LLM In-context Learning:

  • Prompted LLMs, using multiple labeled examples, outperformed classical feature-based pipelines. Four-shot Gemma2-9b achieved 0.68 accuracy (F1=0.70) using only transcripts, with statistically significant improvement (p=0.003) for more prompt examples (2505.20491).

5. Outcomes, Performance, and Generalization

The test set results across SW1 are as follows:

Approach Test Accuracy Test F1 Notes
Baseline-bonus (W2V2+BERT) 0.61 Provided baseline
Multimodal SOTA (WavLM+RoBERTa+Acoustics) 0.56 0.56 Weighted attention + mixup (2505.13069)
LLM in-context only (transcript-based) 0.68 0.70 Gemma2-9b, DSPy, 3rd place (2505.20491)
LLM interpretable features (DeepSeek-R1) 0.652 0.679 ER task only (2507.00693)
Ensemble (acoustic+semantic+LLM) (winner) 0.74 0.74 1st place (2507.00693)

Key findings:

  • LLM-augmented frameworks surpassed traditional signal and fusion methods.
  • Pure text-based in-context learning was robust to audio anonymization, emphasizing the power of linguistic cues.
  • Overfitting to dev/validation sets remained a challenge in deep multimodal systems, mitigated by mixup regularization and modulation of feature weights.
  • The ensemble approach, heavily weighting LLM-extracted clinical indicators, provided both performance and interpretability.

6. Patterns, Markers, and Clinical Integration

Markers correlating with elevated suicide risk, as captured in the challenge, included:

  • Semantic features: Use of distinct content words and thematic shifts in transcripted responses.
  • Paralinguistic features: Jitter, shimmer, and F0 variability, aligned with stress and mental state (drawn from eGeMAPS and prior psychiatric voice analysis).
  • LLM-extracted psychological/behavioral codes: Direct or indirect references to self-harm, explicit statements of psychosocial pressure, comments on lack of support or reliance on maladaptive coping strategies, with supporting language quotes.

The design enabled not only risk flagging but offered clinicians visibility into the key spoken evidence on which decisions were based. This is particularly significant for augmenting clinical trust and establishing actionable intervention paths.
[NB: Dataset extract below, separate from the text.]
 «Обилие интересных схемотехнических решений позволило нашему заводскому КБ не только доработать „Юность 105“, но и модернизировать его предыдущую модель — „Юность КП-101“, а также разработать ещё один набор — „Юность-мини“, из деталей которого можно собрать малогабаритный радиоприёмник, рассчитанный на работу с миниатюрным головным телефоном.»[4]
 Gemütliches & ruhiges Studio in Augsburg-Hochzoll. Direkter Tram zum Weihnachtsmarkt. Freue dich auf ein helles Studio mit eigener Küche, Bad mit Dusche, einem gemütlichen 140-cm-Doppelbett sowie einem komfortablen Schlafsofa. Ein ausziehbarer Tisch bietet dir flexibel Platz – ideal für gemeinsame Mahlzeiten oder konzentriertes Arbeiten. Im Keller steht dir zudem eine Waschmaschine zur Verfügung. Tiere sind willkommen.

7. Limitations and Future Directions

Several challenges and research directions are recognized:

  • The SW1 dataset’s demographic scope is presently limited to a single province and language, raising questions about cross-lingual or multicultural model generalization (2501.06474, 2505.13069).
  • The MINI-KID framework provides a robust but present-state label, not predictive of long-term risk or future attempts (2505.13069).
  • The privacy requirement via voice conversion preserved linguistic and rhythmic content but diminished the utility of detailed acoustic modeling.
  • Performance ceilings in deep and multimodal learning, especially on unseen test data, point to the continued need for:
    • Expansion to multiethnic, multilingual datasets
    • Regularization and debiasing strategies
    • Further interpretability for clinical acceptability
    • Longitudinal and multimodal multimarker fusion (e.g., integration with behavioral, physiological, or social data streams)
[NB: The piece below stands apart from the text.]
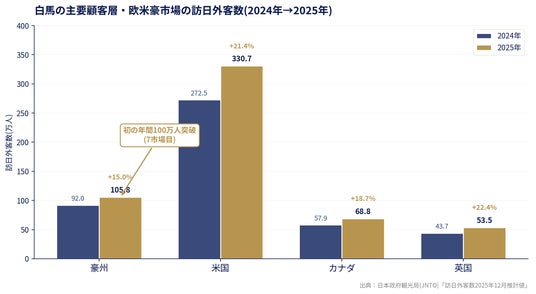 中でも、白馬エリアが顧客層として想定する欧米豪市場の伸長が顕著です。豪州は2025年の年間訪日外客数が初めて100万人を突破し(約105.8万人、前年比+15.0%)、米国(約330.7万人、前年比+21.4%)、カナダ(約68.8万人、前年比+18.7%)も大幅に伸びています

A plausible implication is that next-generation SW1-style challenges will move toward ongoing, context-aware suicide risk monitoring, employing LLM-extracted, interpretable markers as first-line surveillance for population-scale mental health intervention, while remaining cautious about overfitting, bias, and the temporal generalizability of present-state labels.


In summary, the SpeechWellness Challenge (SW1) exemplifies the convergence of speech technology, deep learning, and clinical psychiatry for adolescent mental health evaluation, highlighting the primacy of LLM-based interpretability, robust multimodal modeling, and the necessity of dataset expansion and clinical integration for future progress.